● **PROBLEM DETAILS**
Wherever a picture appears in the data below, omit it, and restate everything else word for word.

● **INPUT DATA**
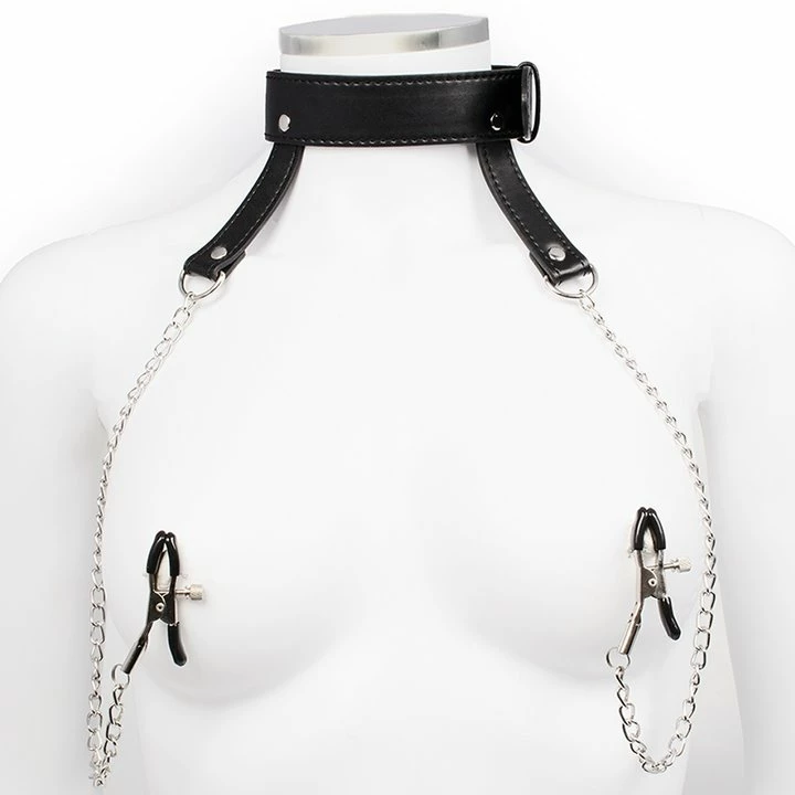 Merge two kinky fetishes together as you boost your bondage sessions with this Bondara Pinch Black Collar and Nipple Clamp. The black, faux leather collar looks and feels exquisite and has an adjustable strap to ensure you achieve the perfect fit. Attached to the leather straps are two sturdy chains that host two silver metal nipple clamps. The clamps have pins you twist to help control the pressure and ultimately the pleasure. The clamps have black rubber tips so the they can stay secure during extreme, torturous nipple play.ย
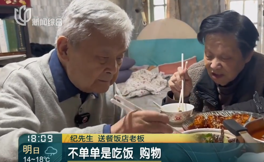 丰老伯打电话给饭店老板,老板只说老两口做饭麻烦,餐馆做饭方便,就送几个菜过去,老板还坚持分文不取。
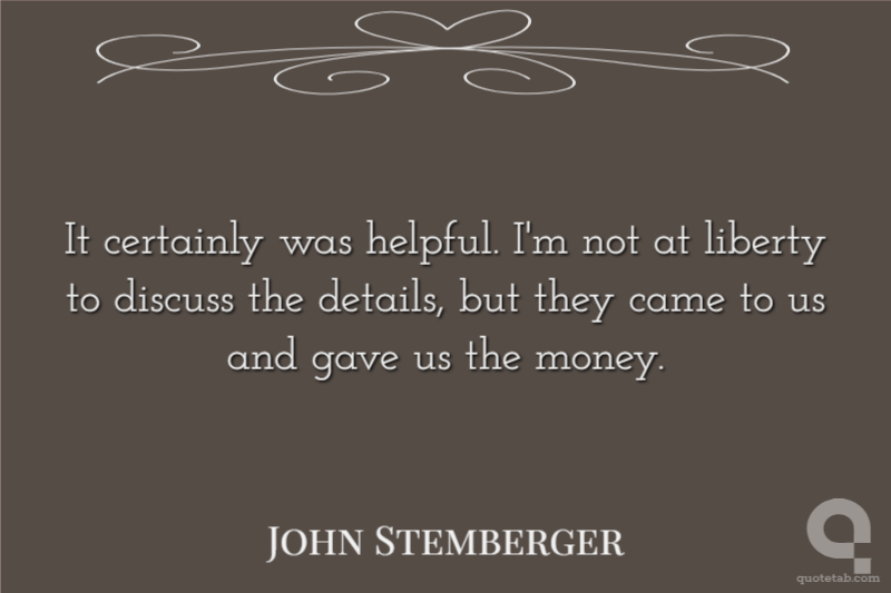 It certainly was helpful. I'm not at liberty to discuss the details, but they came to us and gave us the money.
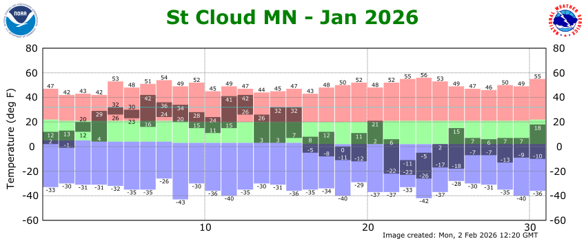 St. Cloud has now made it through 29 days with a sub-zero low (average 42.7 for cold season), 4 days with a high of zero or colder (average 4.3 days for cold season), and 4 days with a low of -20 or colder (average 5.4 days for cold season).

● **TASK SOLUTION**
 Merge two kinky fetishes together as you boost your bondage sessions with this Bondara Pinch Black Collar and Nipple Clamp. The black, faux leather collar looks and feels exquisite and has an adjustable strap to ensure you achieve the perfect fit. Attached to the leather straps are two sturdy chains that host two silver metal nipple clamps. The clamps have pins you twist to help control the pressure and ultimately the pleasure. The clamps have black rubber tips so the they can stay secure during extreme, torturous nipple play.ย
 丰老伯打电话给饭店老板,老板只说老两口做饭麻烦,餐馆做饭方便,就送几个菜过去,老板还坚持分文不取。
 It certainly was helpful. I'm not at liberty to discuss the details, but they came to us and gave us the money.
 St. Cloud has now made it through 29 days with a sub-zero low (average 42.7 for cold season), 4 days with a high of zero or colder (average 4.3 days for cold season), and 4 days with a low of -20 or colder (average 5.4 days for cold season).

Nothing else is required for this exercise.